**Data records**

--*--

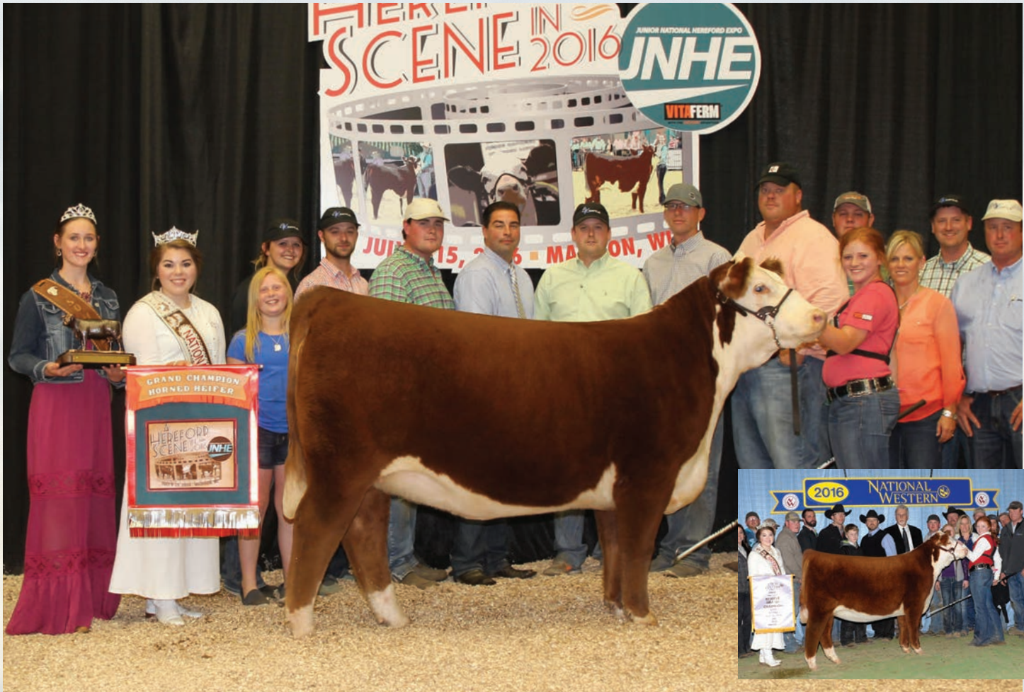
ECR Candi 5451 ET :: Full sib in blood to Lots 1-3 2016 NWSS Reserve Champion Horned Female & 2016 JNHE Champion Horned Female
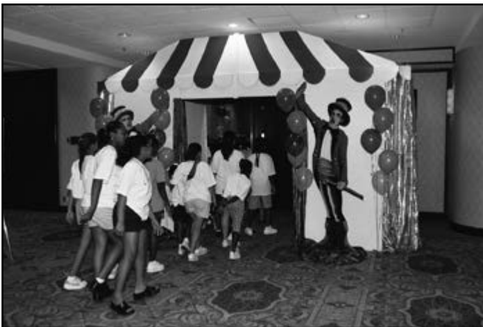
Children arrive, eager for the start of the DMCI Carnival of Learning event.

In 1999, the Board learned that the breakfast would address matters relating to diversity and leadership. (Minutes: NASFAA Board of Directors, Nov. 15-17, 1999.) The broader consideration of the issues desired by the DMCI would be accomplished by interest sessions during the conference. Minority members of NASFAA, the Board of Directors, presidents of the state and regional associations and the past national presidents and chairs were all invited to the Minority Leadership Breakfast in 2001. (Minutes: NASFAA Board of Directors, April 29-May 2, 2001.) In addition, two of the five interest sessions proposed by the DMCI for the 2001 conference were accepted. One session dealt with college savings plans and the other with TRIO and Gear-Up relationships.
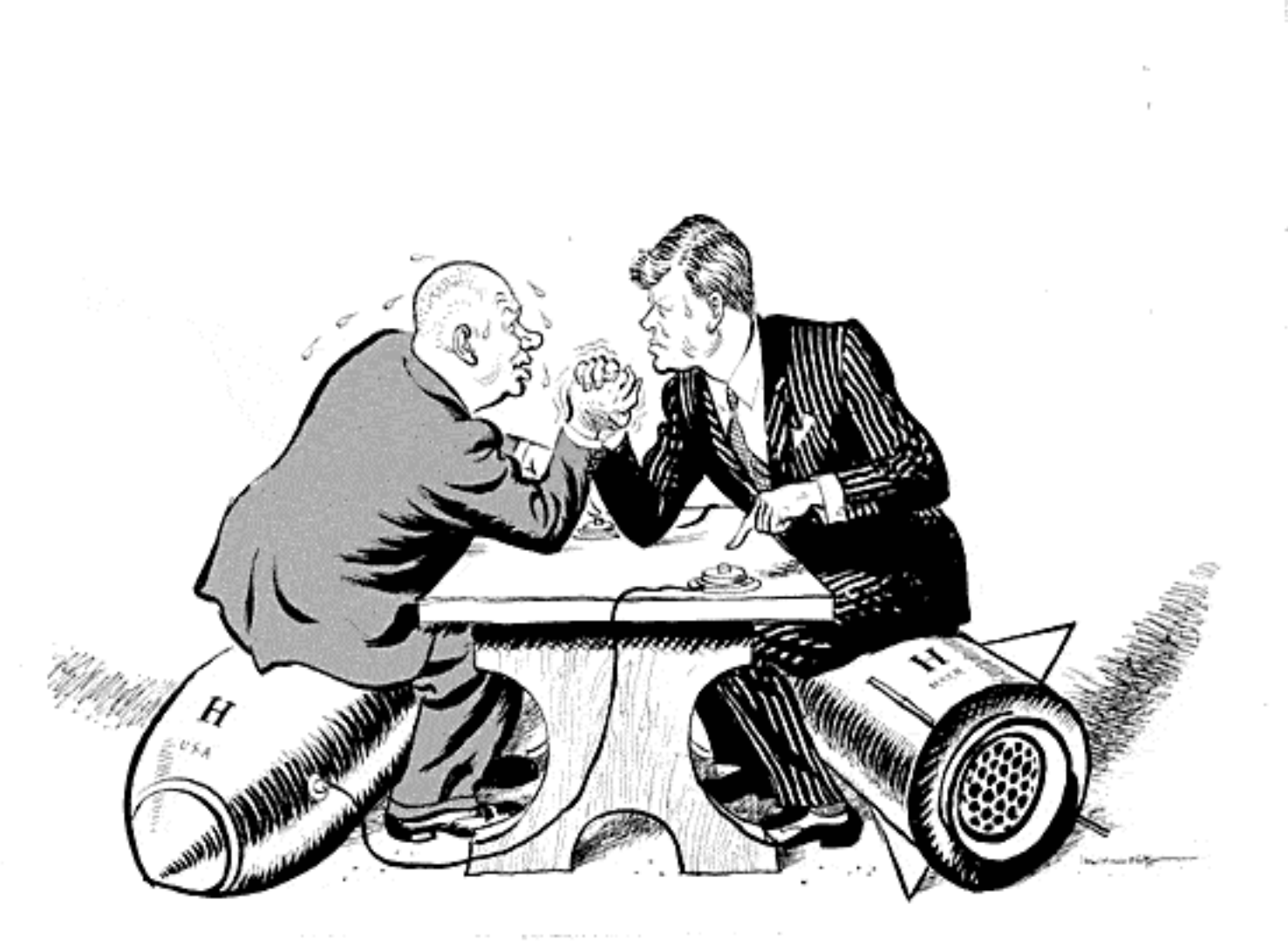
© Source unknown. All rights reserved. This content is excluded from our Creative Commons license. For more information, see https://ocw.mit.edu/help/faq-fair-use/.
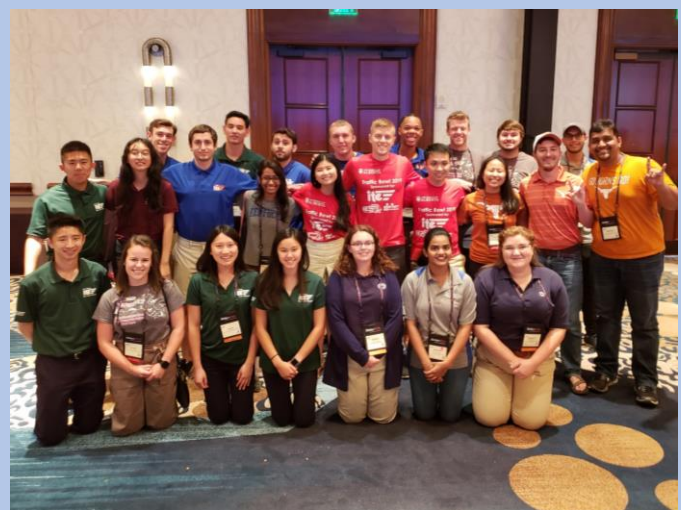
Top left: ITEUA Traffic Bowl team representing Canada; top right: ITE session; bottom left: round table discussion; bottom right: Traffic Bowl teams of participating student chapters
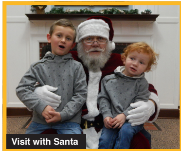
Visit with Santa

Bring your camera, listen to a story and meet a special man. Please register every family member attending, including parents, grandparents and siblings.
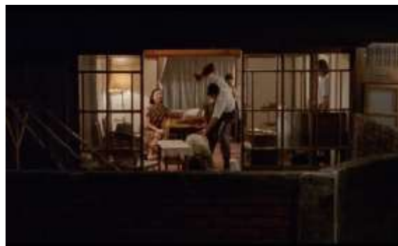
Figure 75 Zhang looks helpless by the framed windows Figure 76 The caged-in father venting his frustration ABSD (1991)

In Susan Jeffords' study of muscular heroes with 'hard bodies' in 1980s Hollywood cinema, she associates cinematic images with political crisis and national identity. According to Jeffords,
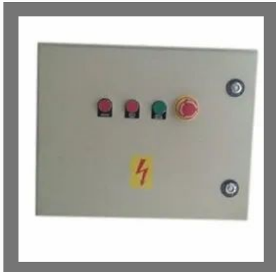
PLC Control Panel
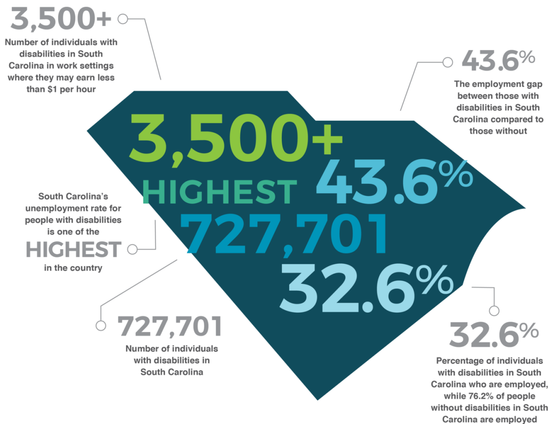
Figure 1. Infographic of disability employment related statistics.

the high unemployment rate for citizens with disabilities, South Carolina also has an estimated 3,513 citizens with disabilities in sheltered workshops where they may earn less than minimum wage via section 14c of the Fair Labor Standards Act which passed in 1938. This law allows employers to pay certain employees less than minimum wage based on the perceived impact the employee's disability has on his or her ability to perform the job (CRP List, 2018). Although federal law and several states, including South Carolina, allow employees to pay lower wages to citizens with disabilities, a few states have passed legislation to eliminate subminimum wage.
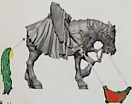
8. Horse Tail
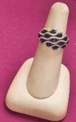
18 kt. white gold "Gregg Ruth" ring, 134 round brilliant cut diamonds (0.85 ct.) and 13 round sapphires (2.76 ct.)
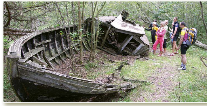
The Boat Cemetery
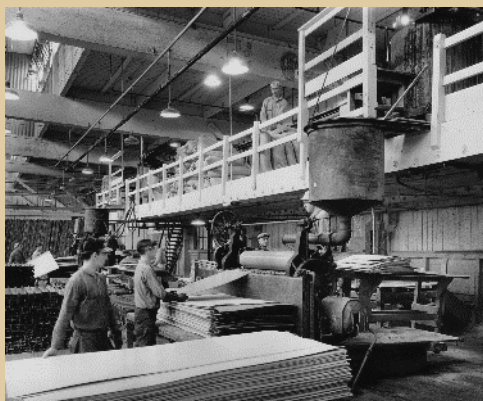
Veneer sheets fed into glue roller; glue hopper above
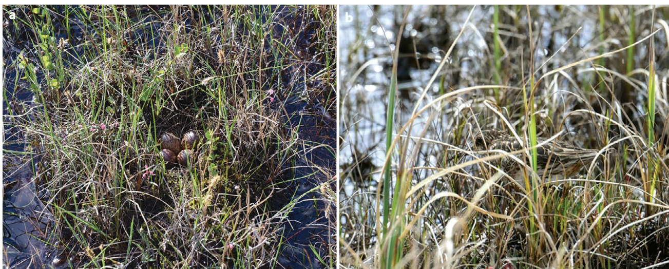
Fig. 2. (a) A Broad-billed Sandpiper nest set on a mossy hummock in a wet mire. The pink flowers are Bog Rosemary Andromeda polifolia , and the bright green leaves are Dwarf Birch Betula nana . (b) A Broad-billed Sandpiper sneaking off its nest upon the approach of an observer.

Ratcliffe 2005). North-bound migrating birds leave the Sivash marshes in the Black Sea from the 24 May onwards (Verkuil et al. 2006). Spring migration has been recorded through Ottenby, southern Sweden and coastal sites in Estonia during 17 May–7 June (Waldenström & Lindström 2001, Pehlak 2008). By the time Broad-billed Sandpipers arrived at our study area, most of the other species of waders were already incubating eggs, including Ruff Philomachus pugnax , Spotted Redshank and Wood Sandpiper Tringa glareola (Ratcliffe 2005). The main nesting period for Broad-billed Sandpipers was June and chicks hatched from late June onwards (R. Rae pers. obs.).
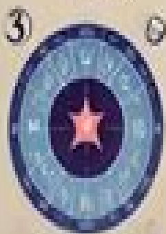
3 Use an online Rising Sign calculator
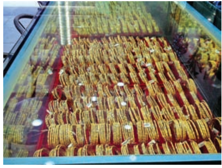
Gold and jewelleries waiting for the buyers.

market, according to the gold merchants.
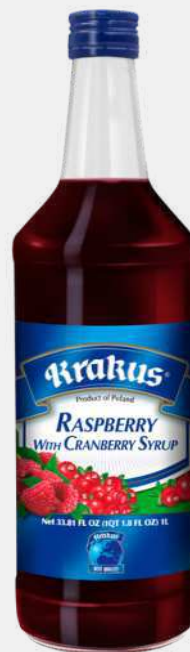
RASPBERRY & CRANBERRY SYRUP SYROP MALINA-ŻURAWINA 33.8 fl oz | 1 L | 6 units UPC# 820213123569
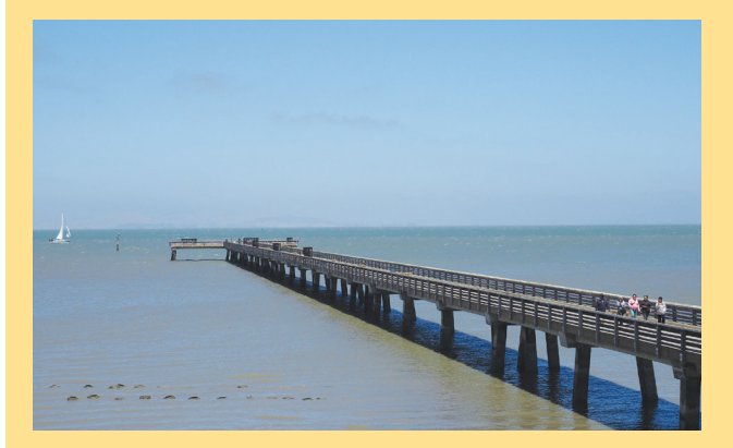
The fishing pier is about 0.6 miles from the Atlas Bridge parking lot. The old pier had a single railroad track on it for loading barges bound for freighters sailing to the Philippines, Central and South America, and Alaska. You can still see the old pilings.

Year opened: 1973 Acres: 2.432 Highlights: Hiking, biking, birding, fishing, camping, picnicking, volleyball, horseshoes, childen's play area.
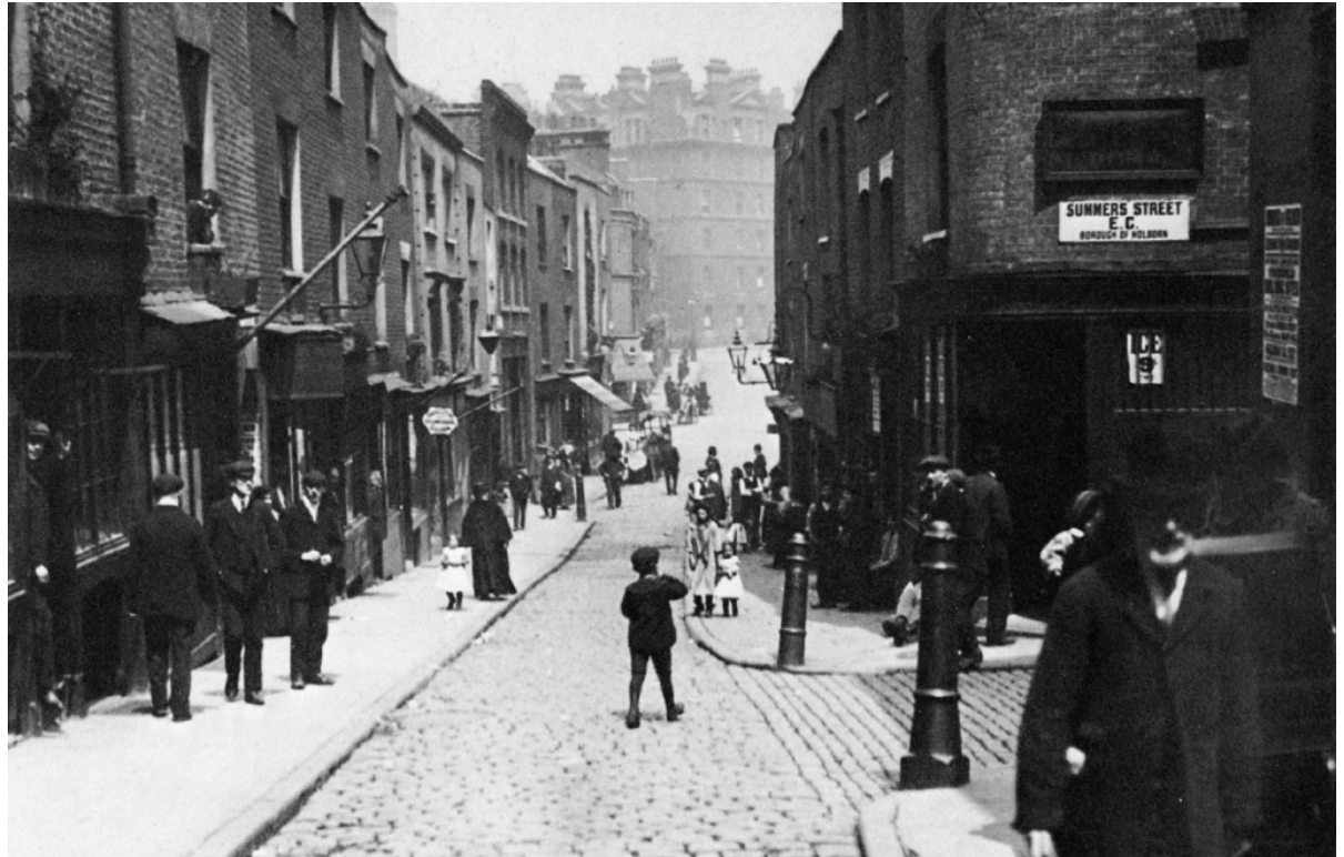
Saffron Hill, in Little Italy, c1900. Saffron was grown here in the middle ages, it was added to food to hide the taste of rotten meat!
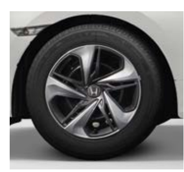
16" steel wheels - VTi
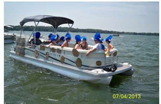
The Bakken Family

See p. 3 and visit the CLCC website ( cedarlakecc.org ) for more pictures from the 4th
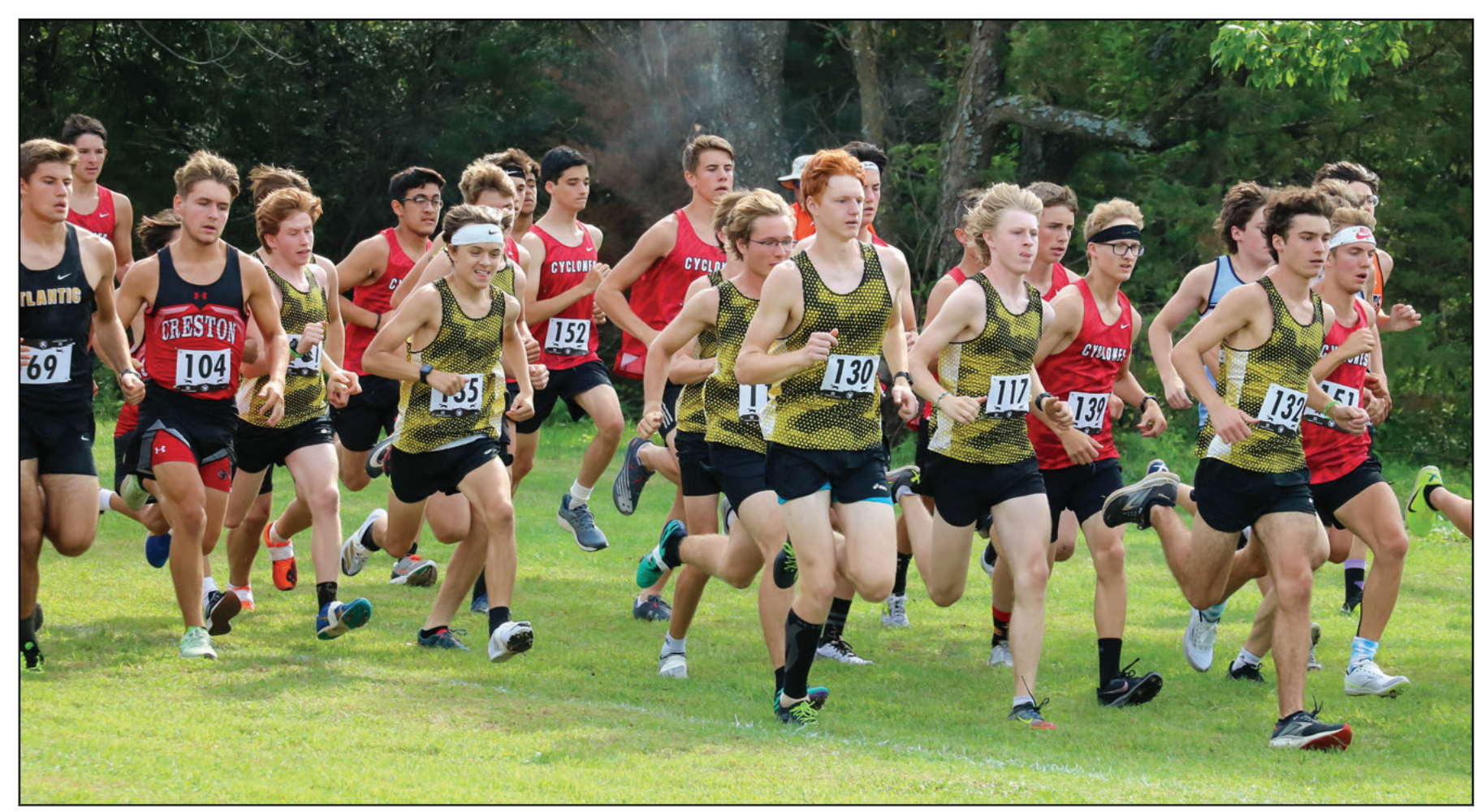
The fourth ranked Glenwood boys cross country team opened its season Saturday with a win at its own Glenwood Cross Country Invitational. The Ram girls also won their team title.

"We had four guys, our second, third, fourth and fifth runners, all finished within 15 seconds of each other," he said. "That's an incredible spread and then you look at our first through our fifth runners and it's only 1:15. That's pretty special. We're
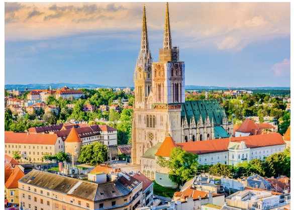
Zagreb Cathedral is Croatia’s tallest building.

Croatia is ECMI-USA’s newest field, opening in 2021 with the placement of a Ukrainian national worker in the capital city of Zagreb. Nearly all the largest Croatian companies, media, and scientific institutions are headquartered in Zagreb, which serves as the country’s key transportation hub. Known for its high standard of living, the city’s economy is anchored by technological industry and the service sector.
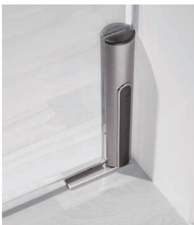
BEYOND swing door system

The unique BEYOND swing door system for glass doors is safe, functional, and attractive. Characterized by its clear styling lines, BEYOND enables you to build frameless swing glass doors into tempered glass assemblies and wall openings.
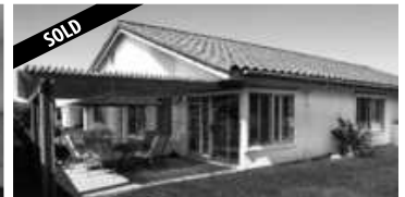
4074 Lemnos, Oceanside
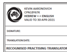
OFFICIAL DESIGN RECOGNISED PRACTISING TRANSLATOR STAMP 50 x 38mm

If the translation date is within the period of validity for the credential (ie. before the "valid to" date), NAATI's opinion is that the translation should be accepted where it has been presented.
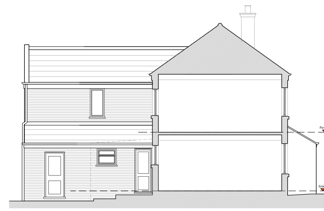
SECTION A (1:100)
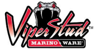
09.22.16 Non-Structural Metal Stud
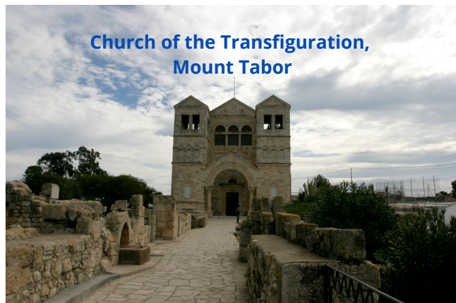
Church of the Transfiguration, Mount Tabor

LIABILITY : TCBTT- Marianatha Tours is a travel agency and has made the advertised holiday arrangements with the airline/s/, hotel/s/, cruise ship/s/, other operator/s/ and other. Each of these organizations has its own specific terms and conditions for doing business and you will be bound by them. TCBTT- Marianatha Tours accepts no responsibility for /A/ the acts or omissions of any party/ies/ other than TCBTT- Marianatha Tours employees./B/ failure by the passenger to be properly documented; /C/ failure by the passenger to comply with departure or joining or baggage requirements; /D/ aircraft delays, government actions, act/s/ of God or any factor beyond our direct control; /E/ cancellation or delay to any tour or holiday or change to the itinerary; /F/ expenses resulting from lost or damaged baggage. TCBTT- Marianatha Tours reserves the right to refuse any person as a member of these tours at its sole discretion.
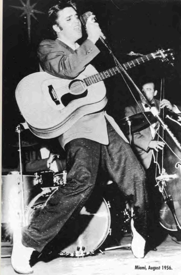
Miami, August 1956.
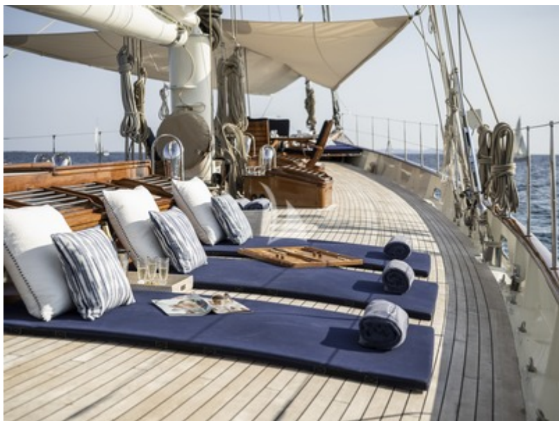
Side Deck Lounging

--*--

**Your objective**
Beginning with the first entry above, reproduce every line verbatim until the line with "information, see https://ocw.mit.edu/help/faq-fair-use/.", which is included too; omit pictures.

**Response**
ECR Candi 5451 ET :: Full sib in blood to Lots 1-3 2016 NWSS Reserve Champion Horned Female & 2016 JNHE Champion Horned Female
Children arrive, eager for the start of the DMCI Carnival of Learning event.

In 1999, the Board learned that the breakfast would address matters relating to diversity and leadership. (Minutes: NASFAA Board of Directors, Nov. 15-17, 1999.) The broader consideration of the issues desired by the DMCI would be accomplished by interest sessions during the conference. Minority members of NASFAA, the Board of Directors, presidents of the state and regional associations and the past national presidents and chairs were all invited to the Minority Leadership Breakfast in 2001. (Minutes: NASFAA Board of Directors, April 29-May 2, 2001.) In addition, two of the five interest sessions proposed by the DMCI for the 2001 conference were accepted. One session dealt with college savings plans and the other with TRIO and Gear-Up relationships.
© Source unknown. All rights reserved. This content is excluded from our Creative Commons license. For more information, see https://ocw.mit.edu/help/faq-fair-use/.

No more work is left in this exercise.